N Korea abolishes agencies working for reunification with South


Kim Jong Un threatened South Korea with war if “even 0.001 mm” of the North’s territory is violated, as Pyongyang abolished agencies that oversaw cooperation and reunification, state media said Tuesday.

The North Korean leader also said Pyongyang would not recognise the two countries’ de facto maritime border, the Northern Limit Line, and called for constitutional changes allowing the North to “occupy” Seoul in war, the Korean Central News Agency (KCNA) said.

In Seoul, President Yoon Suk Yeol told his cabinet that should the nuclear-armed North carry out a provocation, South Korea would hit back with a response “multiple times stronger”, pointing to his military’s “overwhelming response capabilities”.

The hawkish rhetoric on both sides of the border follows a sharp deterioration of inter-Korean ties in recent months, with Pyongyang’s November spy satellite launch prompting Seoul to partially suspend a 2018 military agreement aimed at defusing tensions.

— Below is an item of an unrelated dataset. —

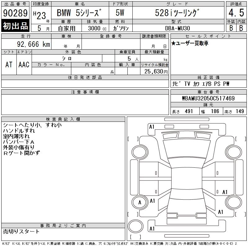 | 528i TOURING | DBA-XL28 | N20B20A | FR | 8AT | 1997cc | 245ps(180kW)/5000rpm | AИ-95 | 7 450 000 | |

Pyongyang’s decision to jettison the agencies charged with overseeing cooperation and reunification with the South was announced by the North’s rubber-stamp parliament, KCNA said, part of a string of recent measures that have escalated tensions, including live-fire artillery drills and missile launches.

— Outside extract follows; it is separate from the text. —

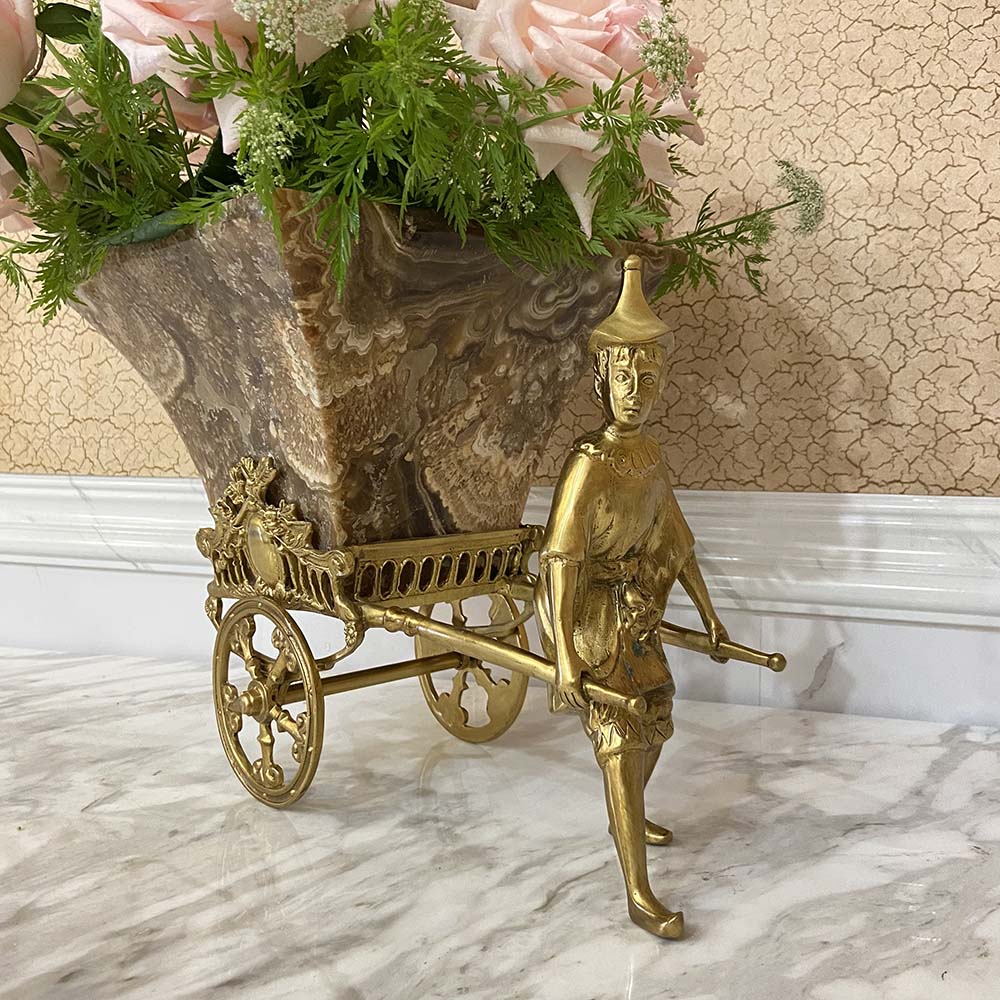 Màu đỏ và trắng của khối đá cẩm thạch đan xen nhau tạo nên bản nhạc giao hưởng về thiên nhiên tuyệt vời, được đặt lên phần đồng là người nam đang kéo xe

In a speech delivered at the Supreme People’s Assembly, Kim called for drawing up new legal measures to define South Korea as “the most hostile state”, KCNA reported.

“If the Republic of Korea violates even 0.001 mm of our territorial land, air and waters, it will be considered a war provocation,” Kim said.

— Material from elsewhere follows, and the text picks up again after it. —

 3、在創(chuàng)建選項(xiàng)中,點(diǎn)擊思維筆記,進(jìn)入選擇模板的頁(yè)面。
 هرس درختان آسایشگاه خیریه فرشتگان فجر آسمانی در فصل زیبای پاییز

The decision comes shortly after Kim labelled South Korea the “principal enemy” and stated that continuing to seek reconciliation was a “mistake”.

In their constitutions, both North and South Korea claim sovereignty over the whole of the peninsula.

The Democratic People’s Republic of Korea and Republic of Korea — the North and South’s official names — were founded 75 years ago but still technically regard each other as illegal entities.


Analysts said Kim’s shift in approach to the South was “reckless” and a rejection of years of official state policy.

 Weapons tests 

At Pyongyang’s year-end policy meetings, Kim threatened a nuclear attack on the South and called for a build-up of his country’s military arsenal ahead of armed conflict he warned could “break out any time”.

On Sunday, the North launched a solid-fuel hypersonic missile, just days after Pyongyang staged live-fire exercises near the country’s tense maritime border with South Korea, which prompted counter-exercises and evacuation orders for some border islands belonging to the South.

Kim also successfully put a spy satellite into orbit late last year, after receiving what Seoul said was Russian help, in exchange for arms transfers for Moscow’s war in Ukraine.

Traditional allies Russia and North Korea have boosted ties recently, with Kim making a rare overseas trip to see President Vladimir Putin in Russia’s far east in September.

On Monday, a North Korean government delegation headed by Foreign Minister Choe Son Hui arrived in Moscow for an official visit, KCNA reported.